Once the user is done recording, you need to turn off the microphone and share the recorded microphone audio data to your back-end module for processing. You can use the following code to do so. This snippet turns off the microphone, sends audio data off for wave format encoding, and eventually shares the encoded audio BLOB (binary large object) to the back-end once the Stop button is clicked. The shareAudio function uses a web socket to send the BLOB to back-end. I will explain how this works in the next section.

stopBtn.addEventListener('click', stopRecording);
function stopRecording(){
    console.log('Stopped recording.');
    rec.stop();	//stop recording
    micStream.getAudioTracks()[0].stop();	//turn off mic
    rec.exportWAV(shareAudio);		//wave encode and share
}

function shareAudio(blob){
    //send blob over to python using web sockets
}

If you are wondering why wave format encoding is needed, well it is not needed per se, but it does make it much easier to handle audio data. The encoder fills in the sample rate of the audio so you don’t need to specify it in your transcription call to Google Speech API. It also transforms raw audio data from Float32Array to Linear PCM 16 bit data which the Google Speech API easily takes as input.

Web Sockets

As mentioned earlier, web sockets are used for bi-directional communication between clients and a server, allowing both the client and the server to send and receive information. They entail asynchronous event-based processing, where each trigger initiates an event the results of which can be broadcasted to all clients connected to the server. As a result, all clients stay up-to-date with live information without having to make any HTTP calls at constant intervals to check for updates. You can read more about web sockets here.

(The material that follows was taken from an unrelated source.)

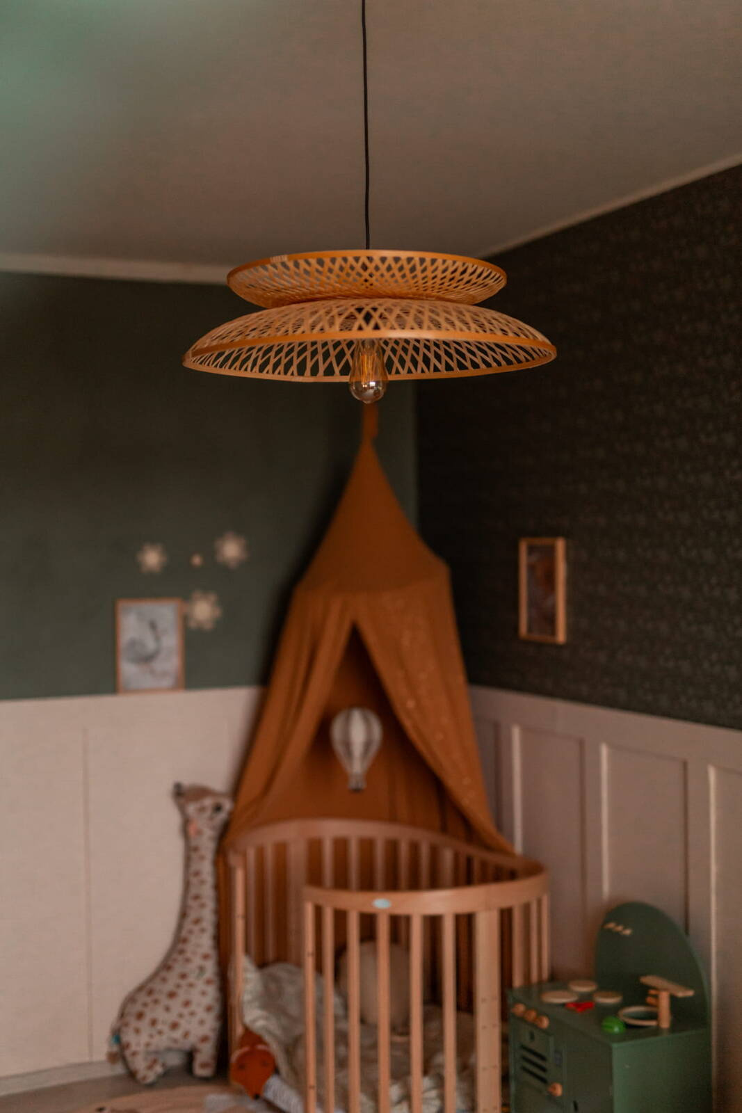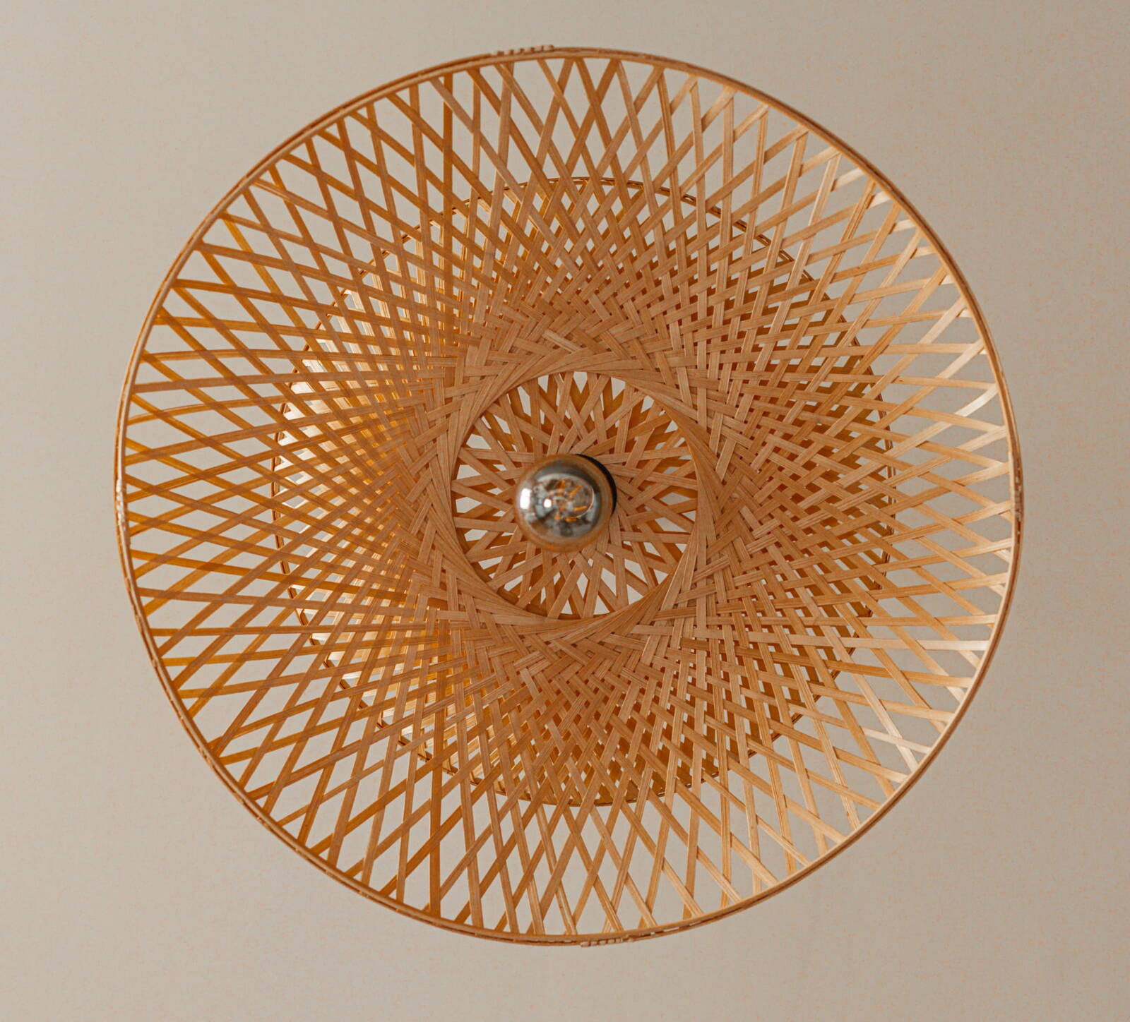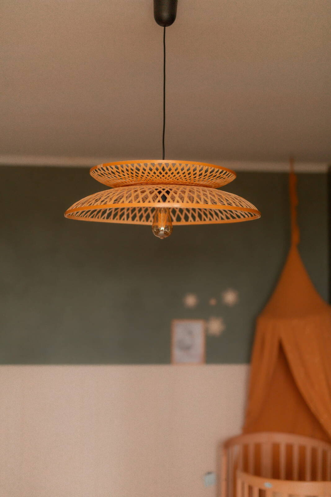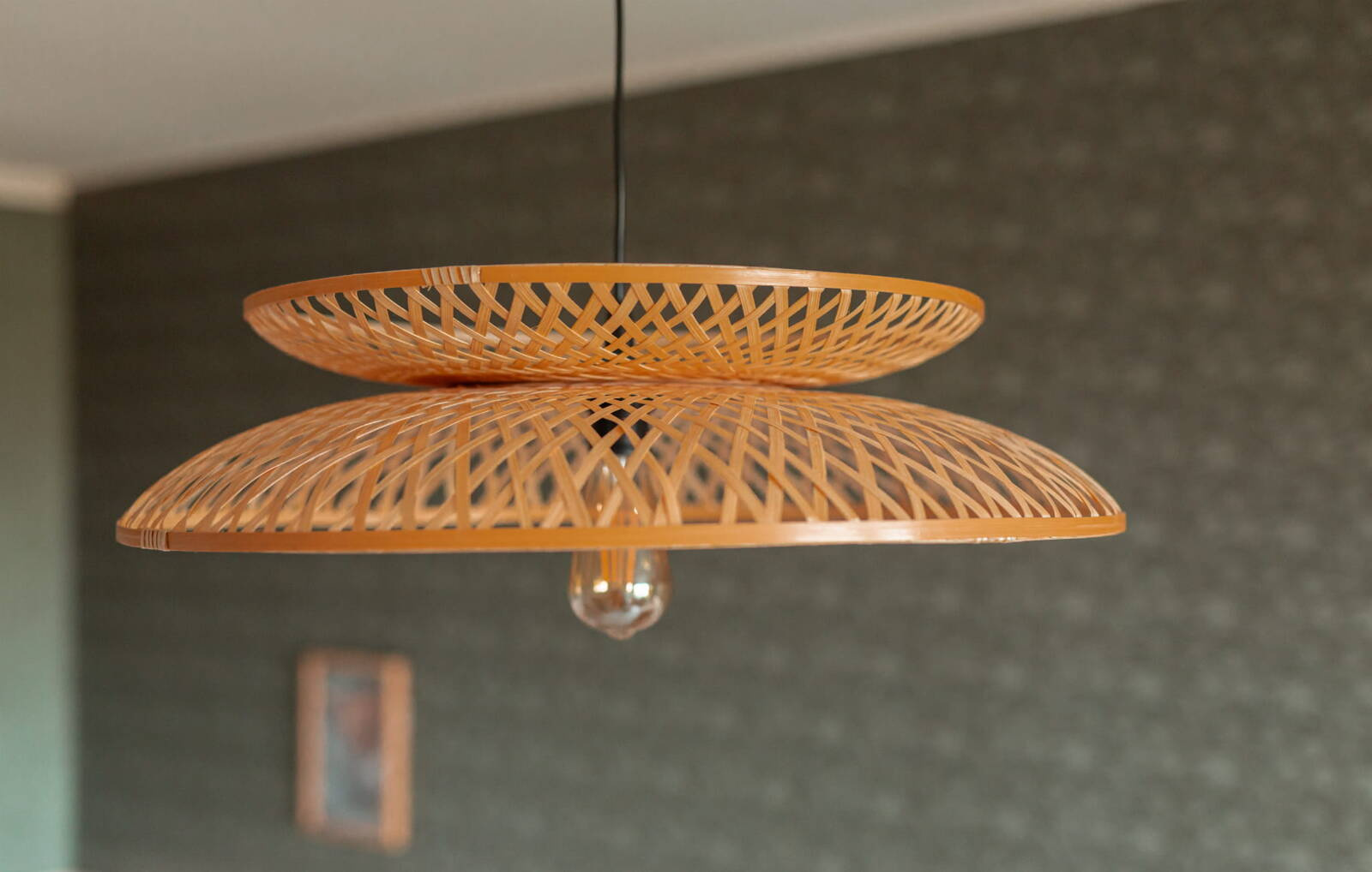 Lampa jest wspaniałą kompozycją światła i natury, która przenosi Cię w podróż do orientalnego spokoju. Wyjątkowy design tej lampy bazuje na harmonijnym połączeniu dwóch części w formie talerzy - okrągłych kształtów wykonanych z wytrzymałej plecionki bambusowej. Te pięknie utworzone koła splatają się ze sobą, tworząc spójny i harmonijny układ, a ich subtelne złączenie w dolnej części dodaje lampie charakterystycznego uroku.

The main reason I would recommend using web sockets over HTTP is because they are extremely simple and easy to program. Sending binary data, which you probably will in all speech-interfacing applications, over web sockets is much easier as well. In the code examples below, you’ll see how you can use web sockets with just few simple lines of code. In addition, based on your use case, real-time multi-client data sharing can also be very useful. For instance, if you are making an application for easier data querying during meetings or in other similar group setting, having one interface that can show live query results to all participants on their screen simultaneously can come in handy. Web sockets scale better in high parallel client requests compared to HTTP as well.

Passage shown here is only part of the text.